Slow Row Number Over Partition

  • Hello

    I have a simple table with 4 columns (idAuxiliarPF(BIGINT+PK), pf(BIGINT+FK), Data(DateTime), Descr(NVARCHAR))that has aprox. 50k rows.

    I need to create a partition of the data to join to another table, the query that i have:

    SELECT

    ROW_NUMBER() OVER (PARTITION BY pf ORDER BY Data DESC, idAuxiliarPF DESC) AS RN,

    pf,

    Data,

    Descr

    FROM dbo.PFAuxiliar

    WHERE Data <= GETDATE()

    This query takes around 40 seconds to return the results

    If i remove the Descr column, the query it takes no time.

    SELECT

    ROW_NUMBER() OVER (PARTITION BY pf ORDER BY Data DESC, idAuxiliarPF DESC) AS RN,

    pf,

    Data

    FROM dbo.PFAuxiliar

    WHERE Data <= GETDATE()

    I have two indexes, Clustered (idAuxiliarPF), NONClustered(pf).
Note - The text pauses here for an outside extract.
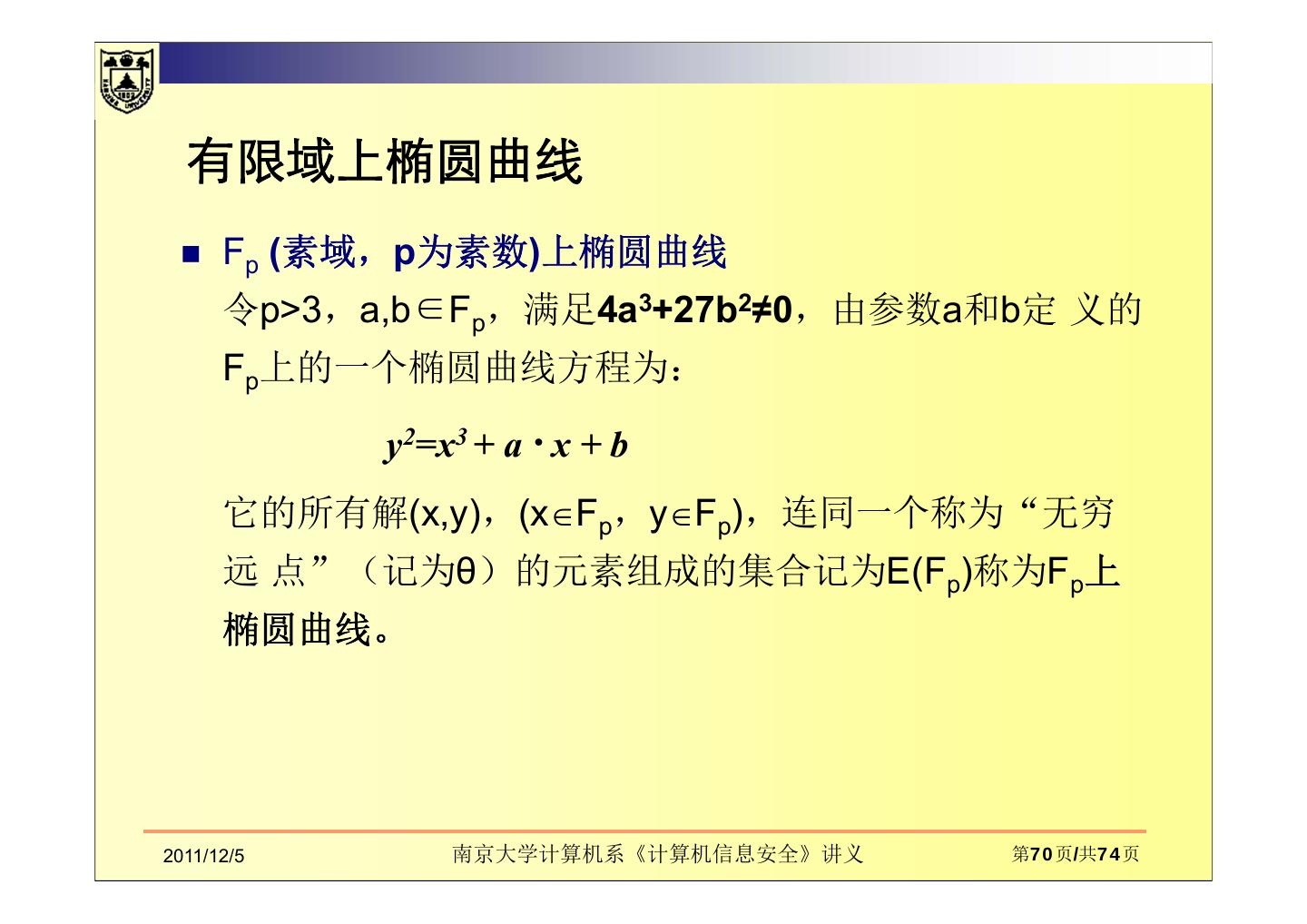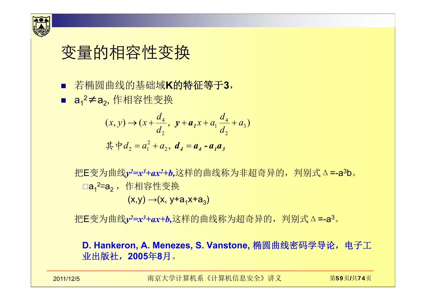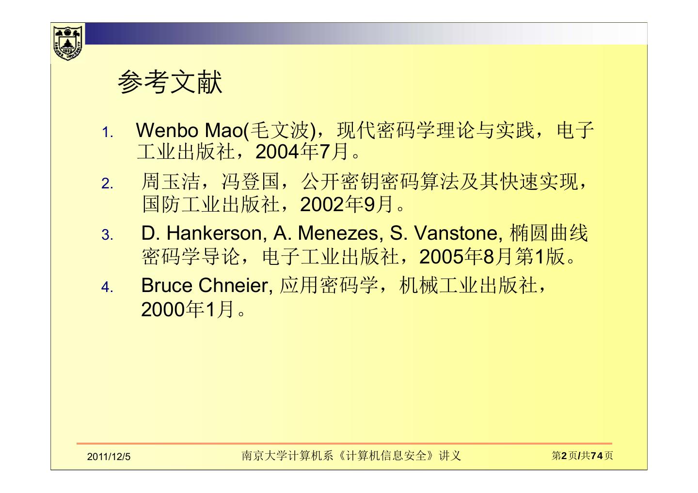 2 . 参考文献 1. Wenbo Mao(毛文波),现代密码学理论与实践,电子 工业出版社,2004年7月。 2. 周玉洁,冯登国,公开密钥密码算法及其快速实现, 国防工业出版社,2002年9月。 3. D. Hankerson, A. Menezes, S. Vanstone, 椭圆曲线 密码学导论,电子工业出版社,2005年8月第1版。 4. Bruce Chneier, 应用密码学,机械工业出版社, 2000年1月。 2011/12/5 南京大学计算机系《计算机信息安全》讲义 第2页/共74页

    How can i improve the performance of this query?

    Thanks

  • What's the size of the Decsr field? NVARCHAR(??) At a guess it's MAX & the difference is because you're returning significantly more data.
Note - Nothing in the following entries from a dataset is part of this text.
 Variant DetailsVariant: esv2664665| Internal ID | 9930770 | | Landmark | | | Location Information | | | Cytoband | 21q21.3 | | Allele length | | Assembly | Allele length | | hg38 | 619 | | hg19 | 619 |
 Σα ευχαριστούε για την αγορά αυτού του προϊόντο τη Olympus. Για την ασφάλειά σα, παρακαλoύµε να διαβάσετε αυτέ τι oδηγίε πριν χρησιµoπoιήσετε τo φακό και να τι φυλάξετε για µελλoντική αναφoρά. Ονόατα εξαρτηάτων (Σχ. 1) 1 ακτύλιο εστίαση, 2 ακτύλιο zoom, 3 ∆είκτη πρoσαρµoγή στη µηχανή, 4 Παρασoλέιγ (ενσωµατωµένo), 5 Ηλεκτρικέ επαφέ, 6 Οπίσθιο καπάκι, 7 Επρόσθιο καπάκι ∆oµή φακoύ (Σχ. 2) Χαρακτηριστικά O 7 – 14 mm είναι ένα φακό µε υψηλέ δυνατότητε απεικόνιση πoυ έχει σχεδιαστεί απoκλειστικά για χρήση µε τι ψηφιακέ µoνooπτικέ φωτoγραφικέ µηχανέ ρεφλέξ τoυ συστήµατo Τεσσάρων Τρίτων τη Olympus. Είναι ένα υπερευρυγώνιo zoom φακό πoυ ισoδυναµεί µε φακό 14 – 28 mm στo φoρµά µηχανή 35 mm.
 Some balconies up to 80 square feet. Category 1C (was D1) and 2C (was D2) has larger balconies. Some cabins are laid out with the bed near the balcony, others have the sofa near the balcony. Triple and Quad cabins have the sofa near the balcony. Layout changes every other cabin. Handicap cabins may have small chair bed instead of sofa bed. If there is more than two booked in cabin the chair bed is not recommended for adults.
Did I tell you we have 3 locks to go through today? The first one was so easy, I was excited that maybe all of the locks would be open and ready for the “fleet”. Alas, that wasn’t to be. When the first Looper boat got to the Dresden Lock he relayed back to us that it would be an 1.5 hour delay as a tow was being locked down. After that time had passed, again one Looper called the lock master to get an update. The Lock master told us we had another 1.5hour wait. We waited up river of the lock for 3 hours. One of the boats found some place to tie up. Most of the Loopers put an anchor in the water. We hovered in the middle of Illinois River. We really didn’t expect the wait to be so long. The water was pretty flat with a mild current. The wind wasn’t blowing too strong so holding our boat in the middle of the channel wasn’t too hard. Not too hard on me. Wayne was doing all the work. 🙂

    When you say partition to join with another table, what do you mean? You might find joining directly more efficient.

    Could you provide the full query?

    Thanks

  • It's a virtual certainty that the clustering key should be pf, not a meaningless id. That would also give better performance across the board on that table. Unless of course pf is highly variable and you can't afford to reorg/rebuild the table as often as needed.

    Edit: With the key as it is, SQL must do a sort to get the rows in pf order first. If pf were the clustering key, that would not be the case. SQL will still likely need a sort because of the ORDER BY columns, but the sort should be vastly less overhead.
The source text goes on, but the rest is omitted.